TASK GOAL. Copy the lines below exactly, starting at the one with "ヒヤシンスの花はボリュームが" and ending at the one with "The Navan S30", and leave out any picture.

INFORMATION PROVIDED.
▼

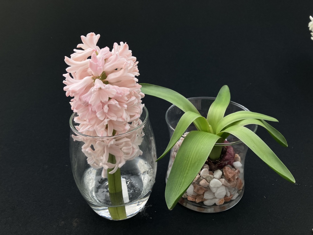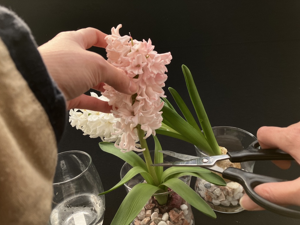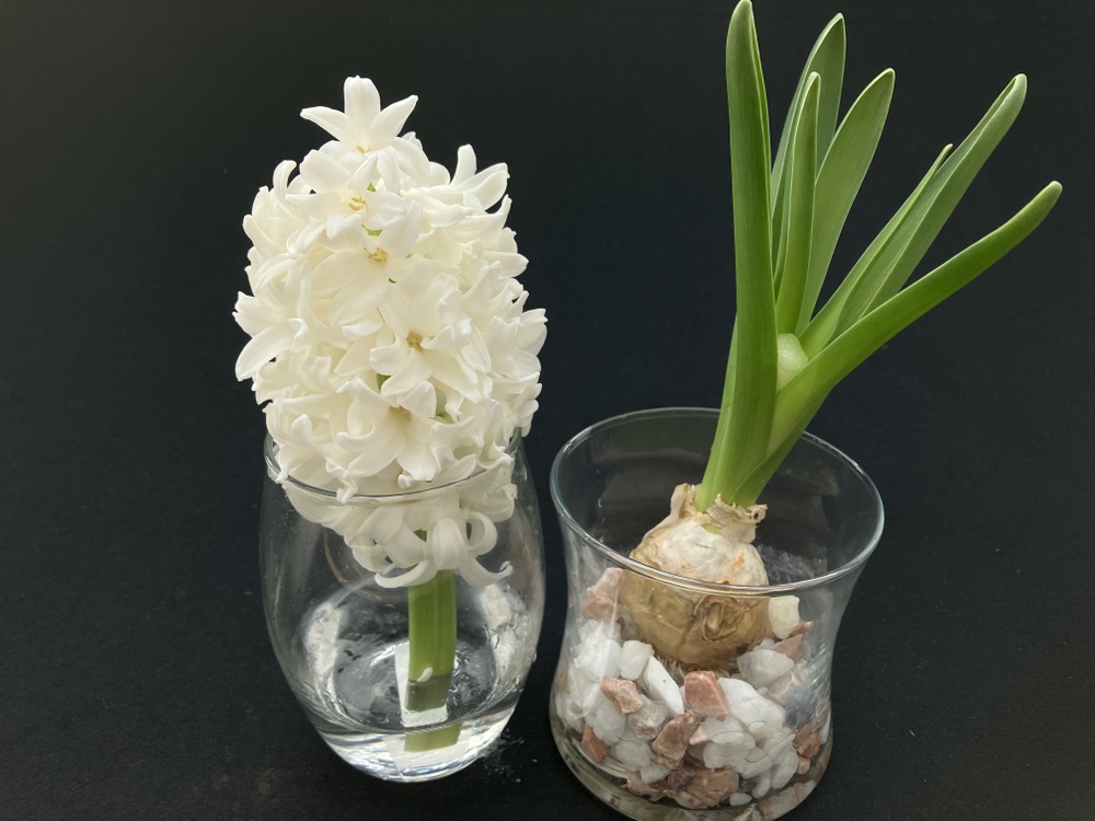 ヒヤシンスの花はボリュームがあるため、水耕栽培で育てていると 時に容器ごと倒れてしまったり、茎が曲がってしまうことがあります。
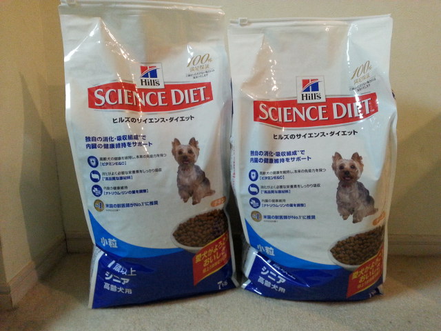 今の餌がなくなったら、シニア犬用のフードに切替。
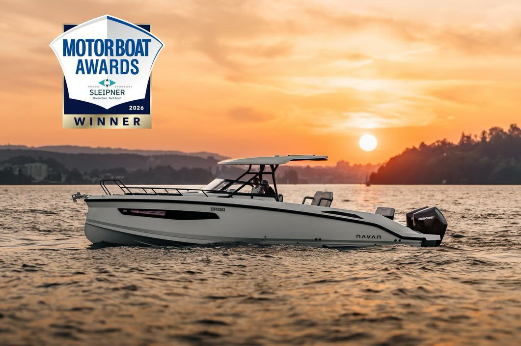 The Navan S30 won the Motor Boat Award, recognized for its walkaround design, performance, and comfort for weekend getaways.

▲
▼

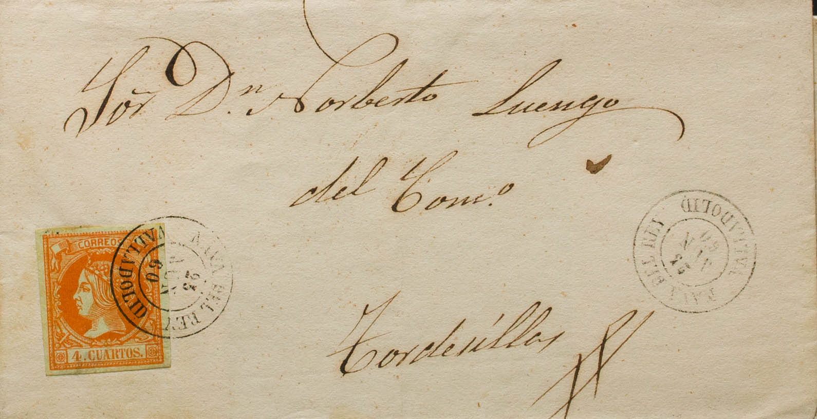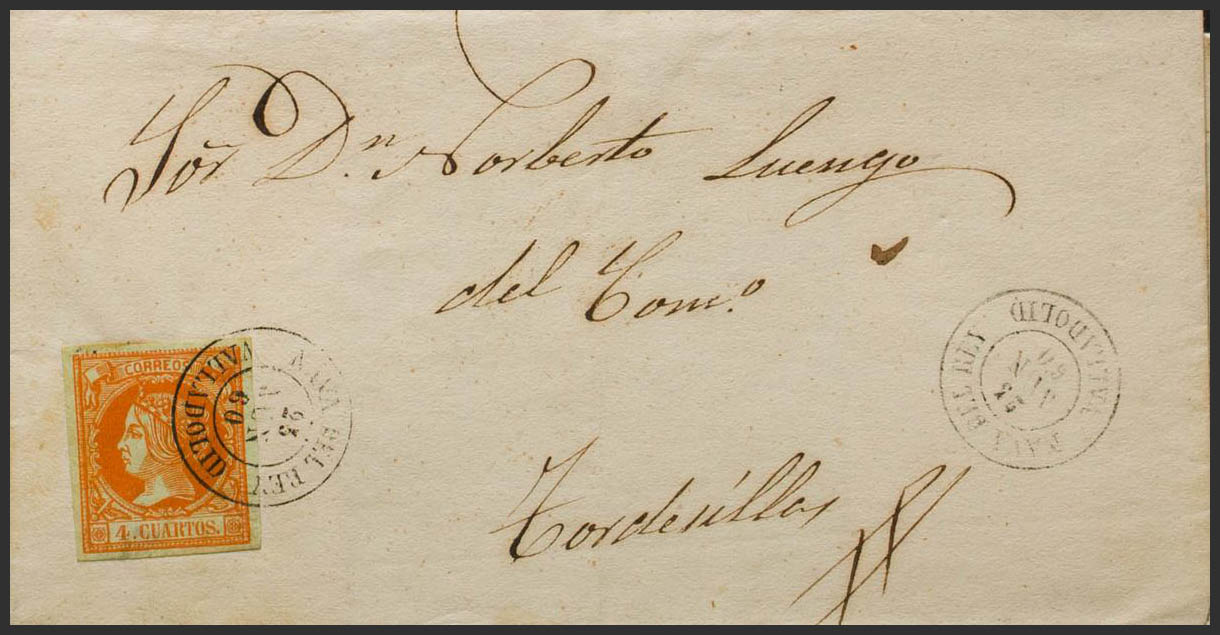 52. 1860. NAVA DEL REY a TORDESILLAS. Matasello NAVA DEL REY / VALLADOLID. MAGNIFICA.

▲
▼

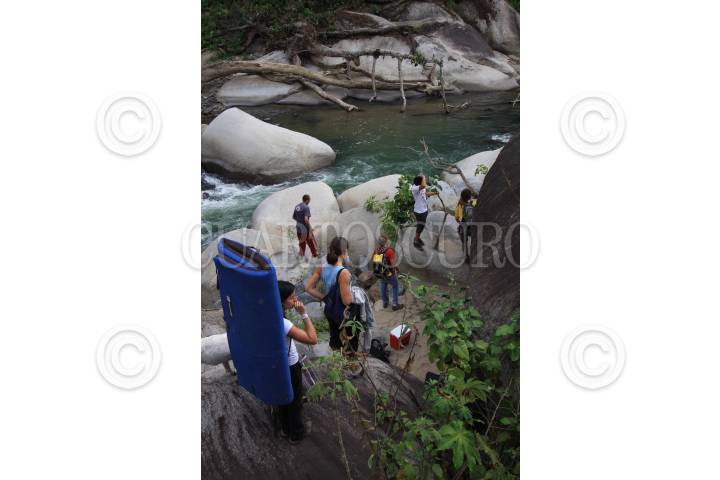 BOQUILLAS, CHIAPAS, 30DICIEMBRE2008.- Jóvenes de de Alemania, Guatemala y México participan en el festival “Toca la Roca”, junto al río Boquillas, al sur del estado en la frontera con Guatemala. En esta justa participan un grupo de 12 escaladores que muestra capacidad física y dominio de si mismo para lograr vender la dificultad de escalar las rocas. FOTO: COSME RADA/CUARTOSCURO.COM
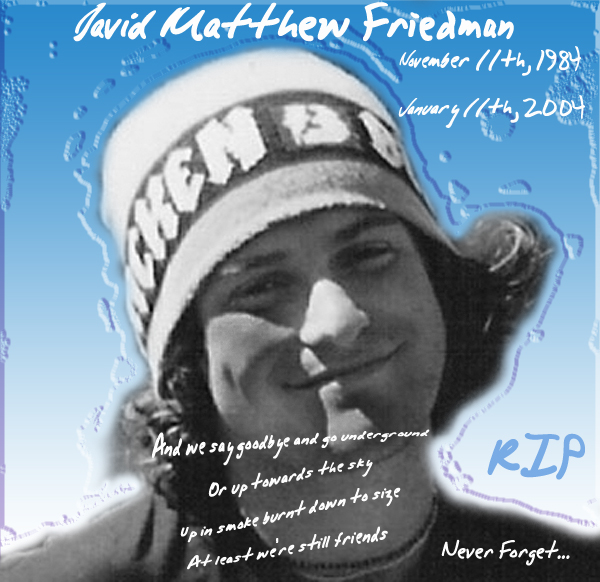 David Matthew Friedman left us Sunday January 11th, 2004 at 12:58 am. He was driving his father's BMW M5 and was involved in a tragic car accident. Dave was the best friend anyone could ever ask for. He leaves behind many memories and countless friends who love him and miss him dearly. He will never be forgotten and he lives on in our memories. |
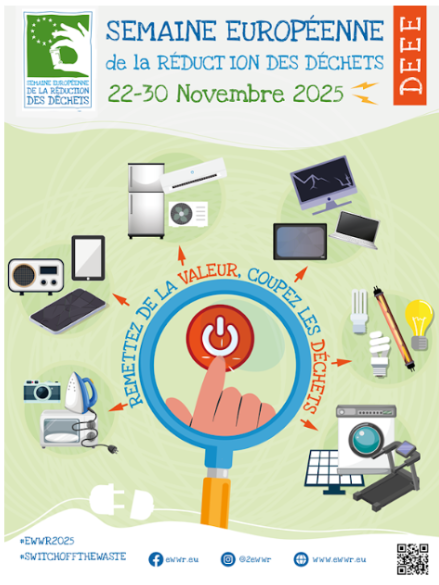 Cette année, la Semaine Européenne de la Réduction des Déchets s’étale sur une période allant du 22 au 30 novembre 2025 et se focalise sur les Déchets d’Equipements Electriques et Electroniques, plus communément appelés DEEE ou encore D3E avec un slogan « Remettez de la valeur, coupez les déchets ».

▲

ANSWER BELOW.
 ヒヤシンスの花はボリュームがあるため、水耕栽培で育てていると 時に容器ごと倒れてしまったり、茎が曲がってしまうことがあります。
 今の餌がなくなったら、シニア犬用のフードに切替。
 The Navan S30 won the Motor Boat Award, recognized for its walkaround design, performance, and comfort for weekend getaways.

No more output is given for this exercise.